FILM REVIEW: Gemma Bovery

Gemma Bovery (Anne Fontaine, 2014)

With a new Madame Bovary set to hit screens in a couple of months, Australian audiences are first treated to a French rendering of the tale, set in the current day. Based on Posy Simmonds’ graphic novel of the same name, Gemma Bovery puts a contemporary and self-referential spin on the Gustave Flaubert classic.

This guy was a total bore.
This guy was a total bore.

Martin (Fabrice Luchini) is an ex-Parisian living in a village in Normandy with his wife and son. When a British couple by the names of Charles and Gemma Bovery move in across the street, Martin is transfixed by their apparent connection to Flaubert’s literary heroes. He is particularly taken by Gemma (Gemma Arterton), whom he follows and who appears to be treading a very familiar path to the tragic Emma Bovary, whose life ended by suicide. Determined to change her narrative, he intrudes on her private life.

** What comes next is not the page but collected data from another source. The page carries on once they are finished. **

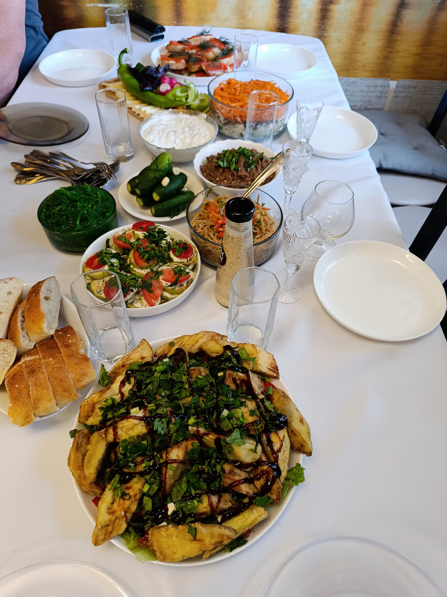 Всем добрый день, дорогие подписчики и гости канала. Опять немного подвела вас, пропала из Дзена. Каждый раз, когда нет времени на статьи, сложно вернуться в привычный ритм написания. Хотя знаю, вот просто садись и пиши, статья сама сложится и слова найдутся. Но мне кажется не интересно вам это наверное. Ну, я начну, а там посмотрим 😉 Про день рождения сестры вам рассказывала А через неделю, 2 мая мы отмечали день рождения моего мужа в скромном семейном кругу. Я была после работы, поэтому стол накрыла как успела. Получился ужин в почти кавказском стиле. Муж накануне сам накрутил долмы Я приготовила салат слоёный, кабачки с соусом, огурцы замолосолила, фунчозу приготовила, соус к долме. Перед приходом гостей приготовила салат с хрустящими баклажанами. А на горячее покупала в армянском магазине у частника готовые хинкали. Очень вкусные. Главный ценитель сказал:"Мммм, вкуснятина! "😋 Очень здорово посидели, дети конечно не давали нам скучать. Они главные двигатели толпы😅Веселили нас и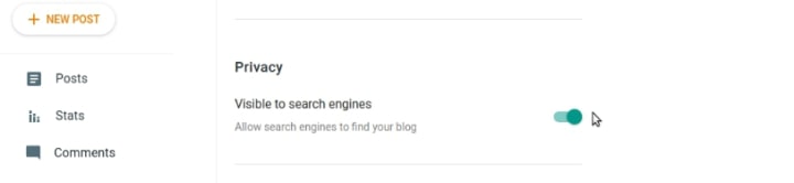 To make your blog visible to search engines or rank higher, enable visible to search engines under privacy settings option. This option will allow Google to index your URL.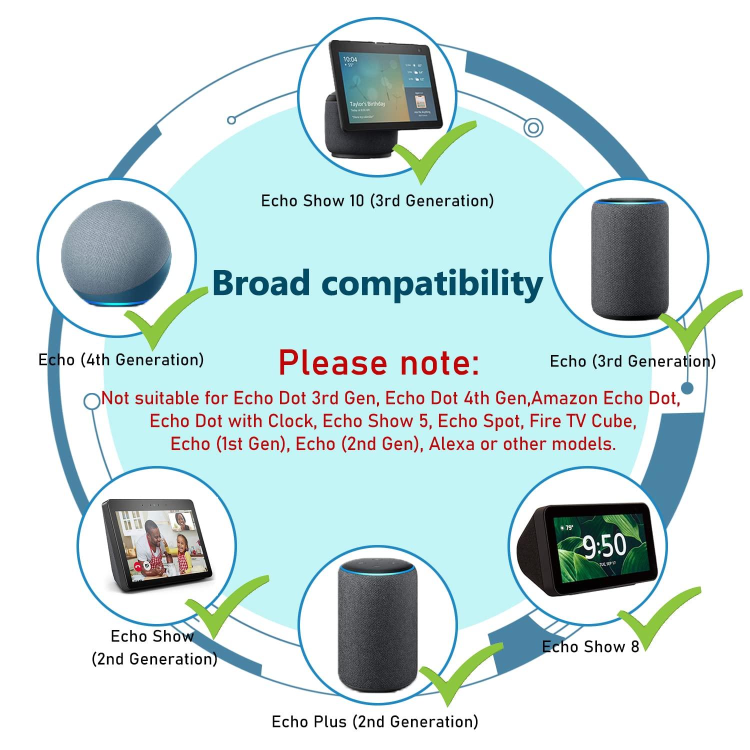 - Not compatible withNot available for Echo Dot 3rd Gen, Echo Dot 4th Gen, Echo Dot, Echo Dot with Clock, Echo Show 5, Echo Spot, Fire TV Cube,Echo (1st Gen), Echo (2nd Gen), Alexa or other models.

But is she fated for a tragic ending?

What a quaint little town.
What a quaint little town.

While Martin could easily be portrayed as a lecherous old bastard who takes more than a few glances at Gemma’s ample cleavage, Fabrice Luchini is just too adorable to offend. Though he’s much older, Martin regards Gemma as would a schoolboy – their awkward interactions almost cute. Gemma Arterton successfully embodies the complexities of Mrs Bovery, who seesaws between hope and despair. All at once she is the picture of confidence, whilst also a desperate, drowning figure.

Will you bake my bread? *WINK*
I’ll bake YOUR bread! *WINK*

Anne Fontaine (who directed the compelling Australian drama Adoration) delivers an interesting film that plays with the idea of storytelling. The screenplay, co-written by Fontaine and Pascal Bonitzer, handles the notion of fate in a clever way, and incorporates red herrings based on Martin’s preconceptions of Gemma’s narrative. Apparent flaws of the film could even be seen as deliberate attempts to play with this aspect further. For example, the film seems to dawdle on its way to a clever conclusion, but this echoes Martin’s explanation to Gemma that Madame Bovery is quite uneventful. Furthermore, with the exception of Jason Flemyng as Charles, the actors playing Gemma’s two other lovers, – Niels Schneider as Hervé de Bressigny and Mel Raido as Patrick – are rather blah. But maybe that’s the point. Gemma is never fully satisfied. Unfortunately, neither is the viewer.